For simplicity, we define \(x_{i:i}\) as \(x_i\). The input of GRU is the FH data \(x_i\) and \(h_{i - 1}\), and the output is state \(h_i\), which is denoted as

\[\begin{equation*} \left\{ \begin{split} & h_i = GRU(x_i,h_{i - 1}) \quad i \in (1,2,\ldots,T) \\ & h_i = GRU(\hat{x}_i,h_{i - 1}) \quad i \in (T + 1,T + 2,\ldots,2T) \end{split} \right. \tag{3} \end{equation*}\]

Figure 5 shows the GRU processing for input sequence \(x_{1:T}\) and predicted sequence \(\hat{x}_{T+1:2T}\).

Fig. 5  The GRU processing for \(x_{1:T}\) and \(\hat{x}_{T+1:2T}\).

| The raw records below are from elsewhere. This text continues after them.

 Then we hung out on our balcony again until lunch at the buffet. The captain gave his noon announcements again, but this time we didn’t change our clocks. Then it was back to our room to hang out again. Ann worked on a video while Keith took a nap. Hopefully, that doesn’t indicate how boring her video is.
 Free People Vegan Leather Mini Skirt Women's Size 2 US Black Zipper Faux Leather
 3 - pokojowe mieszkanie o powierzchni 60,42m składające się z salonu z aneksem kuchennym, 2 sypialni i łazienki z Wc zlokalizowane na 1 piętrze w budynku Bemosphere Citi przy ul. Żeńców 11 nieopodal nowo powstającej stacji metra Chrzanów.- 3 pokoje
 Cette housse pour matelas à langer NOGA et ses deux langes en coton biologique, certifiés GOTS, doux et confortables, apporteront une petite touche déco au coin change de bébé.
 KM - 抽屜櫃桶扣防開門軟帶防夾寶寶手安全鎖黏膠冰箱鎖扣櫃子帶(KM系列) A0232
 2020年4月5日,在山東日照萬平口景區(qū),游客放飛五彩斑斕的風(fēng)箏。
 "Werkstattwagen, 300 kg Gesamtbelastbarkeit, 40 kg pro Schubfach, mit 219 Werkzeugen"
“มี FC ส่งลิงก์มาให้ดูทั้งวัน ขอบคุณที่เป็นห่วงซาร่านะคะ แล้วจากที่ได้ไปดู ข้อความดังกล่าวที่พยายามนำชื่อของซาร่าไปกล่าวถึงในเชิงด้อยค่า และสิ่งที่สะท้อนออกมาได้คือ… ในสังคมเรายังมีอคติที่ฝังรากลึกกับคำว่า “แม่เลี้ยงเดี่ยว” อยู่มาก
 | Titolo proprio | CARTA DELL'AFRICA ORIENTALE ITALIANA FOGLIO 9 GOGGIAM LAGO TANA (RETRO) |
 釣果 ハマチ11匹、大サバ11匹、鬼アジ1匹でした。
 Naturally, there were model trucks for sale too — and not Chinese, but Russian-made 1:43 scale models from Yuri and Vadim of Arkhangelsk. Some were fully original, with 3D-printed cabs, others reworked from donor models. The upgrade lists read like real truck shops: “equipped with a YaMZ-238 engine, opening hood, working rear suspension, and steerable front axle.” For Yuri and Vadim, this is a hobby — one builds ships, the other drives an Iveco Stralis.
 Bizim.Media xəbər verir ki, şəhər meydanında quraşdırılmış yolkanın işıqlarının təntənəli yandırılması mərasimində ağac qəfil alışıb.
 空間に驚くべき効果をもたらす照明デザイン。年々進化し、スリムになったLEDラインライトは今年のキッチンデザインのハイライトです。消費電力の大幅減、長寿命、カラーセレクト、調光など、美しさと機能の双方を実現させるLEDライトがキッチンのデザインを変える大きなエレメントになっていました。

GRU consists of a reset gate \(R_i\) and an update gate \(Z_i\), which is used to capture short-term dependencies in FH sequences and capture long-term dependencies in FH sequences respectively. \(R_i\) and \(Z_i\) are shown as follows

\[\begin{equation*} \begin{gathered} R_i = \sigma\bigg(W_r \cdot [h_{i - 1:i - 1},x_i]\bigg)\\ Z_i = \sigma\bigg(W_z \cdot [h_{i - 1:i - 1},x_i]\bigg)\\ \end{gathered} \tag{4} \end{equation*}\]

\(\sigma\) is a sigmoid function that changes the data to a value in the range \([0, 1]\). Linear transformation of the matrix formed by splicing \(x_i\) and \(h_{i - 1}\) by the weight matrix \(W_r\) and \(W_z\).

As shown in Fig. 6, \(\widetilde{h_{i}}\) is a candidate hidden state, which is used to assist the hidden state calculation afterwards. The candidate hidden state for time step \(i\) is

\[\begin{equation*} \widetilde{h_i} = \tanh\bigg(W_h\cdot [R_i * h_{i - 1}, x_i]\bigg) \tag{5} \end{equation*}\]

where \(W_h\) is the corresponding weight matrix and \(tanh\) changes the data to values in the range \([-1,1]\).

Fig. 6  GRU model.

\(h_i\) of the current time step can be obtained after the above calculations.

\[\begin{equation*} h_i = (1 - Z_i) \odot {h_{i - 1}} + Z_i \odot \widetilde{h}_i \tag{6} \end{equation*}\]

The \(\odot\) operation multiplies the corresponding elements in the matrix.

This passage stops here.